The program has been written in C++ and can be downloaded from http://spin.niddk.nih.gov/bax/software/MERA. The program also runs as a webserver, http://spin.niddk.nih.gov/bax/nmrserver/mera, where the user is asked to upload a file with experimentally determined input data, including the estimated uncertainties, and the program emails the results back to the user. The program will run with any number of input parameters, but will return ill-defined results if too few restraints are available, as reflected in large standard deviations on the Kullback-Leibler divergence and near-zero χ2 values.
RESULTS AND DISCUSSION
Although MERA is designed for the analysis of the backbone torsion angle distribution of IDPs or of highly flexible regions in a protein, it can also be applied to folded proteins, and potentially is particularly useful for viewing the conformational space sampled by flexible regions in such proteins. Below, we will demonstrate the program for such applications, as well as for several residues in the previously extensively studied IDP α-synuclein.
Application to ordered and dynamic residues in protein GB3
Nearly complete input data are available for the small, globular protein GB3. This protein contains a Greek key motif β-sheet, with one long α-helix (A23-N37) separating strands β2 and β3 (Derrick and Wigley 1994). The amide groups of several of GB3’s residues, incl. L12 and G41, exhibit strongly elevated backbone dynamics as judged from 15N NMR relaxation (Hall and Fushman 2003) and RDC analyses (Yao et al. 2008). Here, we show the results of MERA analysis for L12 and D40, as well as for two well-structured residues, K4, located in the first β-strand, and K31 in the middle of GB3’s,α-helix.

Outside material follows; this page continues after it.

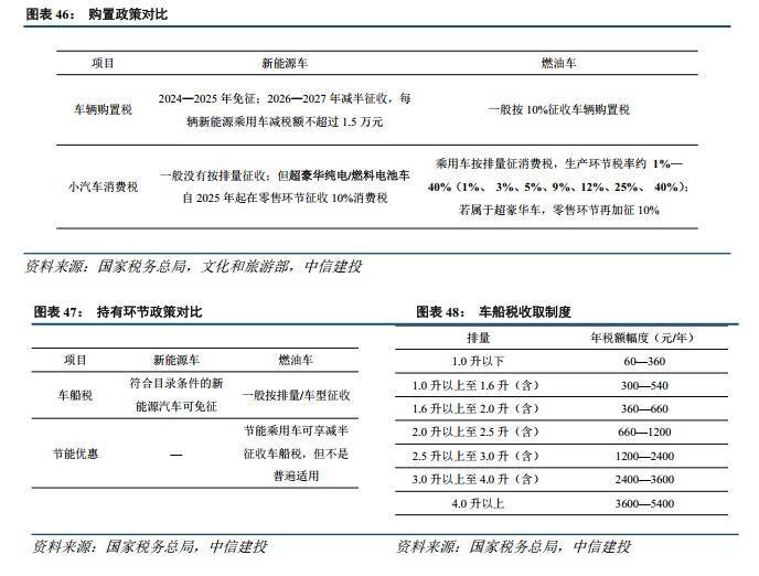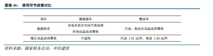 使用环节则是燃油车与新能源车税负差异的核心来源。燃油车在使用过程中持续消耗汽油、柴油,因此税负会随着行驶里程和燃料消耗不断累积,呈现出“随使用增加而持续发生”的特征,目前我国成品油消费税中,汽油税额为 1.52 元/升、柴油为 1.20 元/升。新能源车虽然同样需要补能,但充电环节目前并不存在与成品油消费税完全对应的同类税种,因此其使用环节税负明显更轻。这种差异意味着,燃油车属于“购置一次征税+使用持续征税”,而新能源车更多体现为“购置优惠+使用轻税负”,从而导致两类车型在全生命周期税负上逐步分化。

As expected, for both the highly structured residues, K4 and K31, a good fit to the experimental input parameters corresponds to quite high values (>~1) of the Kullback-Leibler divergence, −S. When increasing the weight of the database, θ, the χ2 value rapidly rises (Fig 2A,B), confirming that the torsion angle backbone distributions strongly deviate from those seen in the coil library. Indeed narrow clusters of backbone torsion angles are observed for both of these residues, centered around the angles of the PDB X-ray (Derrick and Wigley 1994) and RDC-refined NMR (Ulmer et al. 2003) structures (Fig. 2A,B). It is important to realize that MERA searches for the widest distribution (maximum entropy solution) that is compatible with the experimental data.
Figure 2.
Examples of MERA-derived ϕ/ψ distributions for well-ordered residues K4 (A,C) and K31 (B,D), using experimental input data (A,B), and ideal simulated input data (C,D), with the corresponding reference backbone torsion angles (PDB entry 2OED) (Ulmer et al. 2003) marked “×”. The surface area of each circle is proportional to its voxel population, and the color of each circle reflects its fractional deviation from that seen in the coil database. The bottom panels show plots of χ2 as a function of S, obtained for values of θ of (from left to right) 0, 0.1, 0.2, 0.4, 0.8, 1.6, 3, 6, 10, 20, and 40. The horizontal error bars in the lower panels reflect the lack of convergence of the simulated annealing protocol, seen for very low,θ values. The value θ = 0.4 is used for deriving the populations in the upper panels. For all analyses, the diffusion anisotropy parameter, k, was set to zero and σ(q) values recommended for folded proteins in Table 1 were used. χ2 values when using the database distributions (S=0) are 7.2 (K4) and 10.8 (K31). Green boxes mark secondary structure regions: β, PPII, αL, type I β-turn (β−I) and αR (see green labels in A). Experimental input data for K4 and K31 include all six types of J couplings (3JHNHα, 3JC′C′, 3JC′Hα, 1JCαHα, 2JNCα and 1JNCα), three types of chemical shifts (15N, 13Cα, and 13C′), and three types of short-range 1H-1H NOEs.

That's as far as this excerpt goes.